Measure the Potential Future Impact
The key to success in setting priorities is having a long time perspective. You can tell how important something is today by measuring its potential future impact on your life.

For example, if you come home from work at night and choose to play with your children or spend time with your spouse, rather than watch TV or read the paper, you have a long time perspective. You know that investing time in the health and happiness of your children and your spouse is a very valuable, high-priority use of time. The potential future impact of quality time with your family is very high.

If you take additional courses in the evening to upgrade your skills and make yourself more valuable to your employer, you're acting with a long time perspective. Learning something practical and useful can have a long-term effect on your career.

Practice Delayed Gratification
Economists say that the inability to delay gratification-that is, the natural tendency of individuals to spend everything they earn plus a little bit more, and the mind-set of doing what is fun, easy and enjoyable-is the primary cause of economic and personal failure in life. On the other hand, disciplining yourself to do what you know is right and important, although difficult, is the highroad to pride, self-esteem and personal satisfaction.
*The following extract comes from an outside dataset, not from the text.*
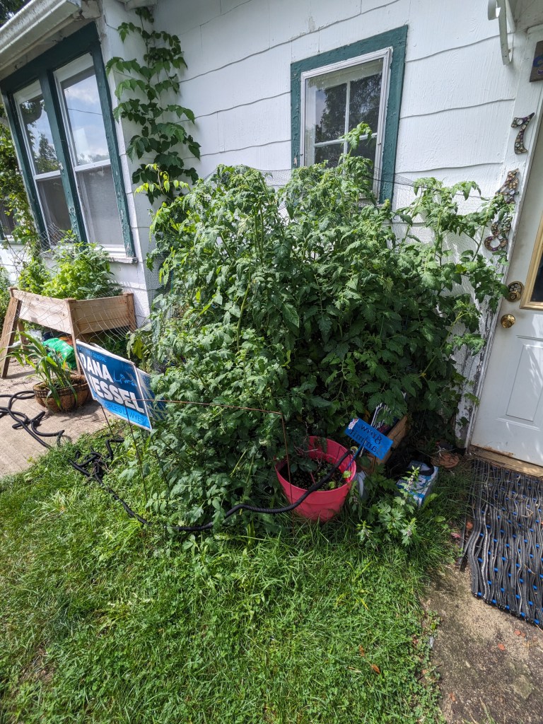 The Dana Nessell Tomato Jungle is going great guns. You can go back to the last post and see how it’s grown in the last month. It’s at least half again as tall! I have put net over the plants which has been a mixed blessing – it’s kept the birds and the deer at bay, but I have to be vigilant that the plants don’t get too tangled up in the netting. I love that now it’s leaping out of the bed along the bottom. The smell of tomato leaves is a favorite of mine, so I get a nice burst of that every time I go in or out the kitchen door.

The long term comes soon enough, and every sacrifice that you make today will be rewarded with compound interest in the great future that lies ahead for you.

Action Exercises
Here are three steps you can take immediately to put these ideas into action.

First, think long-term. Sit down today and write out a description of your ideal life ten and twenty years into the future. This automatically develops longer-time perspective.

Second, look at everything you do in terms of its long-term potential impact on your life. Do more things that have greater long-term value to you.

Third, develop the habit of delaying gratification in small things, small expenditures, small pleasures, so that you can enjoy greater rewards and greater satisfaction in the future.